Step 1: Prepare Your Dry Ingredients

In a large bowl, whisk together the following:
1. Combine the oats, flour, baking powder, ground cinnamon, and kosher salt until evenly mixed.

Step 2: Mix Wet Ingredients

In a medium bowl, combine:
1. Pour in the unsweetened applesauce.
2. Add melted butter, egg, pure vanilla extract, and honey.
3. Whisk until blended thoroughly.

Step 3: Combine Mixtures

Pour the wet mixture into the dry ingredients:
1. Stir gently just until combined; avoid over-mixing as the dough will be wet and sticky.

Step 4: Add Mix-ins

Fold in:
* Dark chocolate chips
* Raisins
* Chopped walnuts or pecans

Place the dough in the refrigerator to chill for at least 30 minutes or up to three days.

Step 5: Preheat Oven

When ready to bake:
1. Position a rack in the center of your oven.
2. Preheat it to 350 degrees F.
3. Line a large rimmed baking sheet with parchment paper or use a silicone baking mat.

Step 6: Shape Cookies

Remove chilled dough from the refrigerator:
1. If stiff, let it sit out for about 5–10 minutes.
2. Use a cookie scoop or spoon to drop dough into 1 ½-inch balls on the prepared baking sheet.
3. Leave about an inch of space between each ball and gently flatten them to about ¾-inch thick.

Step 7: Bake Cookies

Bake in preheated oven:
1. For approximately 9–10 minutes until golden and firm around edges.

Step 8: Cool Down

Once baked:
1. Place the baking sheet on a wire rack for two minutes.
2. Transfer cookies onto the rack to cool completely before serving.

Enjoy your deliciously healthy oatmeal cookies!

How to Serve Healthy Oatmeal Cookies

Serving healthy oatmeal cookies is easy and fun. These cookies can be enjoyed in various ways, making them a versatile treat for any occasion.

Pair with a Glass of Milk

  • Dairy or Non-Dairy Options: Serve your cookies with a glass of cold milk—whether it’s whole, almond, or oat milk—to complement the flavors and add a creamy texture.

Enjoy with Fresh Fruit

  • Fruits like Apples or Bananas: Slice up some fresh fruit to enjoy alongside your cookies. The natural sweetness and freshness balance nicely with the chewy texture of the cookies.
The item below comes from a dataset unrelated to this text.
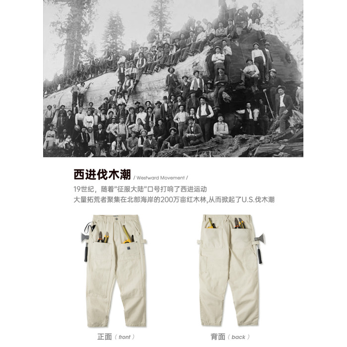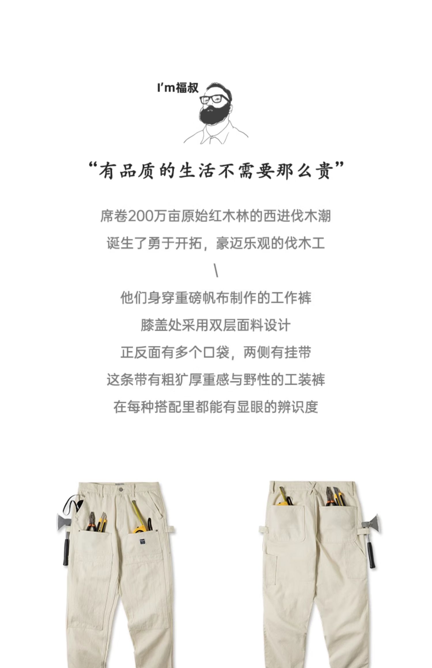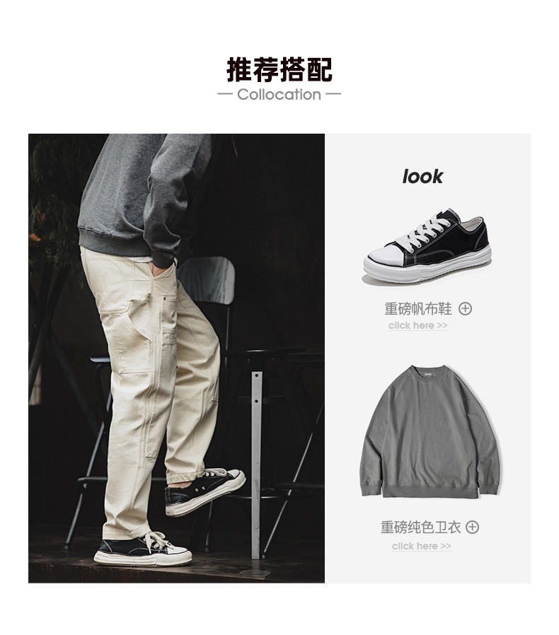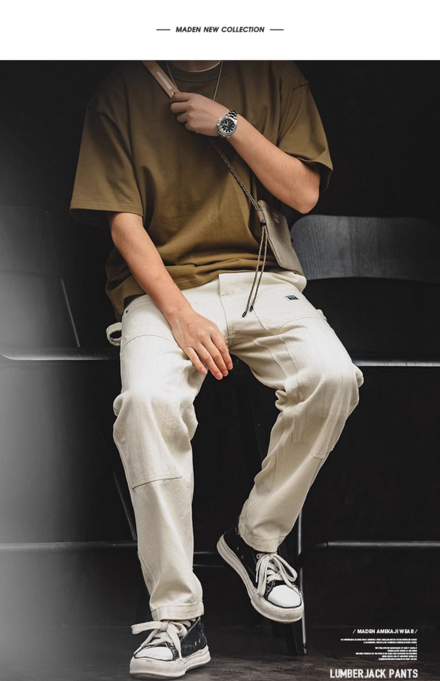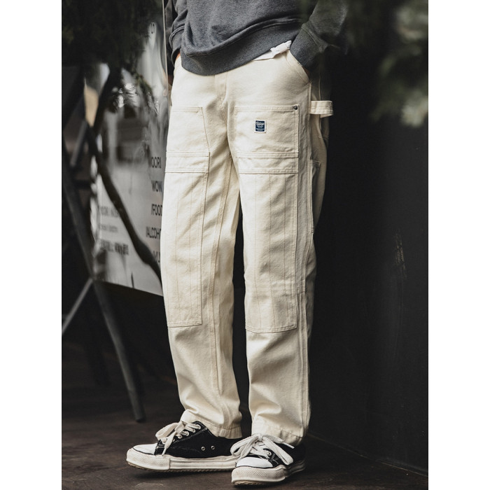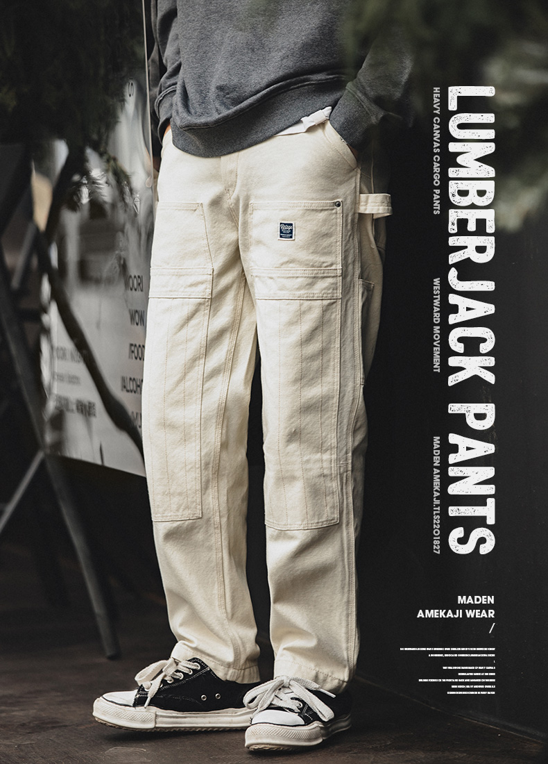 馬登工裝美式復古做舊寬松米白牛仔褲休閒直筒多口袋伐木工褲男秋

Create an Ice Cream Sandwich

  • Add Ice Cream: Place a scoop of your favorite ice cream between two cookies for a delicious dessert twist. Consider using vanilla or chocolate for classic flavors.

Serve at a Gathering

  • Perfect for Parties: These cookies make an excellent addition to any gathering, whether it’s a birthday party or a casual get-together. They are easy to grab and enjoy.

Pack in Lunchboxes

  • Great Snack Option: Include these cookies in school or work lunchboxes. They provide an energy boost while being healthier than traditional snacks.

Offer as a Breakfast Treat

  • Morning Indulgence: Pair them with yogurt and berries for a satisfying breakfast option. They’re great for those busy mornings when you need something quick yet nutritious.

How to Perfect Healthy Oatmeal Cookies

To achieve the best healthy oatmeal cookies, follow these simple tips to enhance flavor and texture.

  • Bold Chilling Time: Letting the dough chill helps firm it up, resulting in thicker cookies that hold their shape during baking.
  • Bold Use of Fresh Ingredients: Always use fresh oats, spices, and especially honey for maximum flavor.
  • Bold Don’t Overmix: When combining wet and dry ingredients, mix until just combined. Overmixing can lead to tough cookies.
  • Bold Adjust Baking Time: Keep an eye on your cookies as they bake; ovens can vary. Aim for golden edges but slightly soft centers.
  • Bold Consider Add-ins: Experiment with different mix-ins like dried fruits or nuts to customize your healthy oatmeal cookies.
  • Bold Store Properly: Store the cookies in an airtight container at room temperature to keep them fresh longer.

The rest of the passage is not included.